По старым фотографиям я вижу, что к тому времени я сильно пополнел; однако я не стал добродушным, как Майльстоун, напротив, рвался в бой, штурмовал и ветряные мельницы, и некоторых вполне реальных мельников, задевал шпиков и Поля Валери, обрушивался на сюрреализм и на русскую живопись прошлого века, дразнил гусей. Писал чуть ли не ежедневно различные памфлеты, посылал боевые корреспонденции в «Известия» – словом, вел себя скорее как молодой поэт, нежели как солидный сорокатрехлетний прозаик.

Мне казалось, что в 1933 году Европа коснулась дна и теперь выплывает на поверхность. За несколько дней до встречи Нового года газеты сообщили, что лейпцигским судьям пришлось оправдать Димитрова. Это было капитуляцией Гитлера перед общественным мнением. Я часто встречался с немецкими эмигрантами; они говорили, что не сегодня завтра фашистский режим рухнет – так им хотелось, так хотелось и мне, и я считал, что 1934 год будет для Гитлера роковым.

Изуверство, жестокость гитлеровцев рождали непримиримость, жажду мести. Помню, как в «Клозери де лиля» глава первого революционного правительства Венгрии граф Карольи, человек редкой доброты, говорил мне: «Знаете, о чем я мечтаю? Хорошее летнее утро. Я иду на веранду. Пью кофе. А на каждом дереве висит фашист…» Я слушал и улыбался.

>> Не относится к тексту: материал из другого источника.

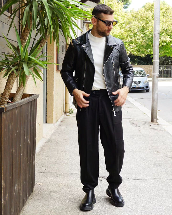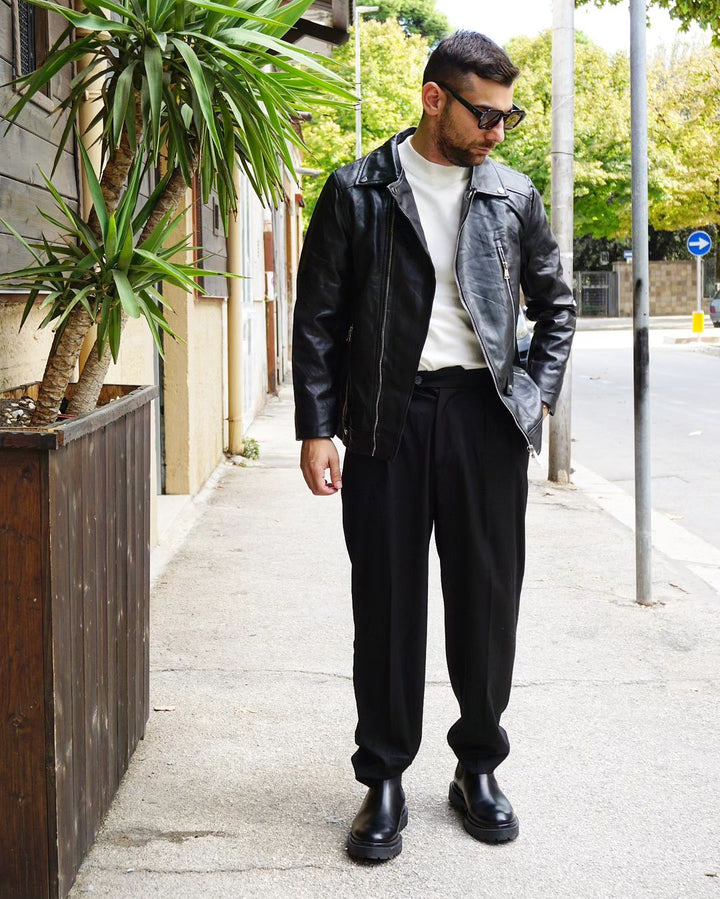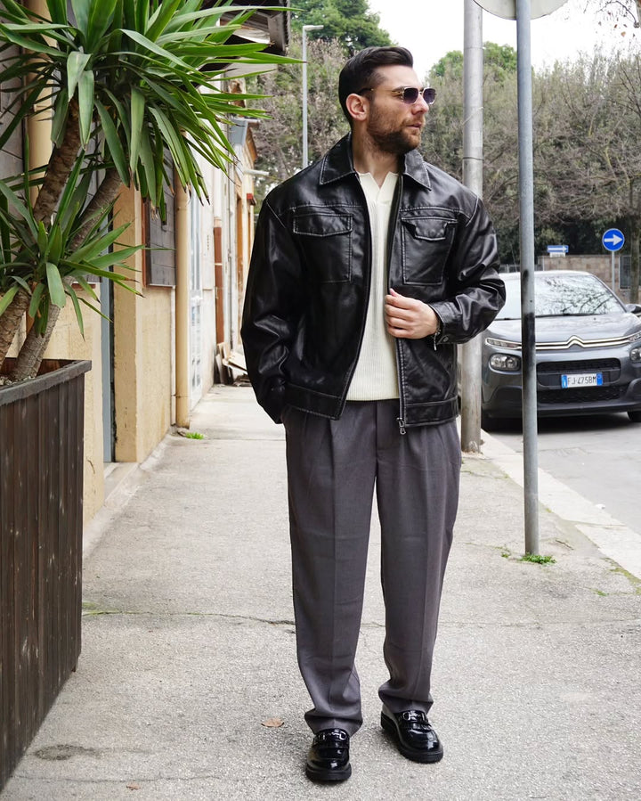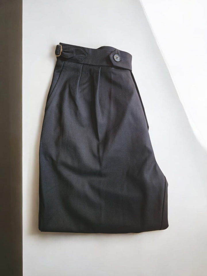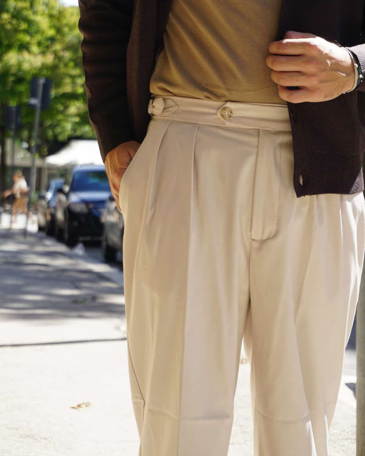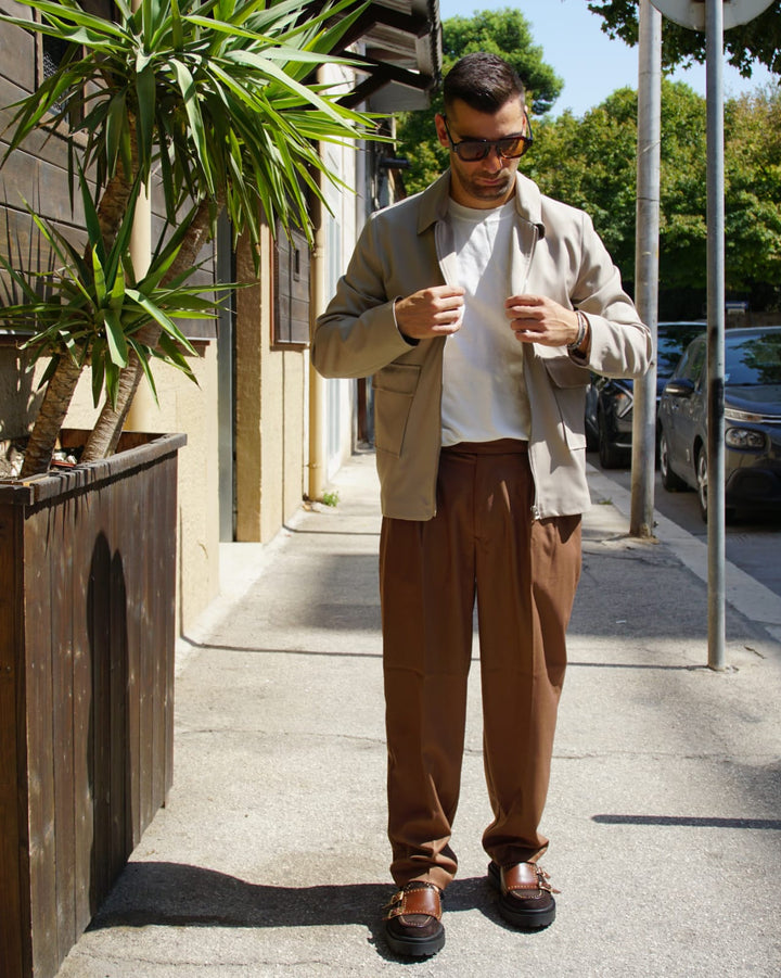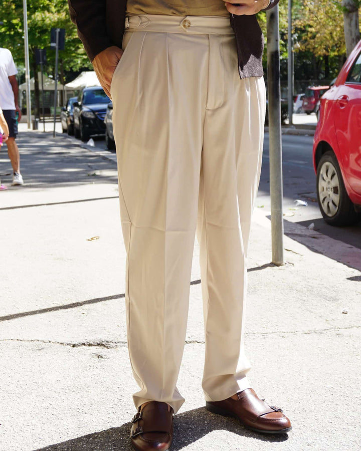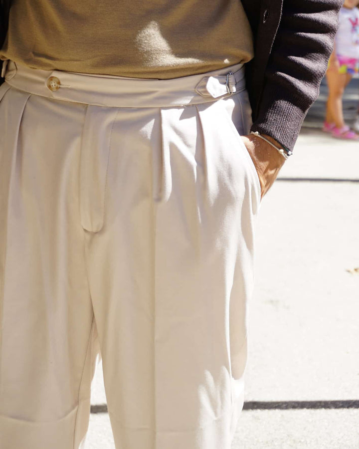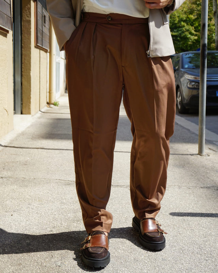 Questo pantalone sartoriale è perfetto per l'autunno grazie al suo fondo semi largo che permette di indossare scarpe di diverso tipo. e le fibbie laterali aggiungono un tocco di stile e praticità. Veste comodamente grazie alla sua vestibilità regolare. io modello indossa una 46 alto 1.77 peso 77 kg

Мне запомнился один из первых антифашистских митингов в Париже; выступали профессор Ланжевен, Андре Жид, Вайян-Кутюрье, Мальро. Андре Жид произнес проповедь – доказывал, что только коммунизм может победить зло, пил часто воду, поблескивали стеклышки очков. Рабочие, сидевшие в зале, никогда не читали его книг, но знали, что перед ними знаменитый писатель, и когда Жид сказал: «Я гляжу с надеждой на Москву», – радостно загудели. Мальро говорил непонятно; его лицо перекашивал нервный тик; вдруг он остановился, поднял кулак и крикнул: «Если будет война, наше место в рядах Красной Армии». Зал восторженно загремел.

Все это может показаться удивительным. Вместе со временем менялись и люди, и менялись они по-разному. Когда человек умирает, мы лучше видим единство его пестрых, порой противоречивых годов, а пока он жив, сегодняшний день заслоняет вчерашний.

В 1933 году Поль Элюар был непримиримым последователем сюрреализма; вряд ли кто-нибудь тогда мог предвидеть, что его стихи будут повторять партизаны в маки́. Ланжевен как-то с печальной улыбкой сказал, что Жолио-Кюри не понимает всей опасности фашизма.

Андре Мальро теперь министр в правительстве де Голля. А в течение восьми лет в Париже, в Испании я видел его неизменно рядом; он был моим близким другом. Некоторые авторы воспоминаний стараются очернить своих былых друзей; это мне не по душе. Я предупредил читателей, что, говоря о живых людях, буду связан и о многом промолчу. Все же я не могу рассказать о тридцатых годах, не называя Мальро.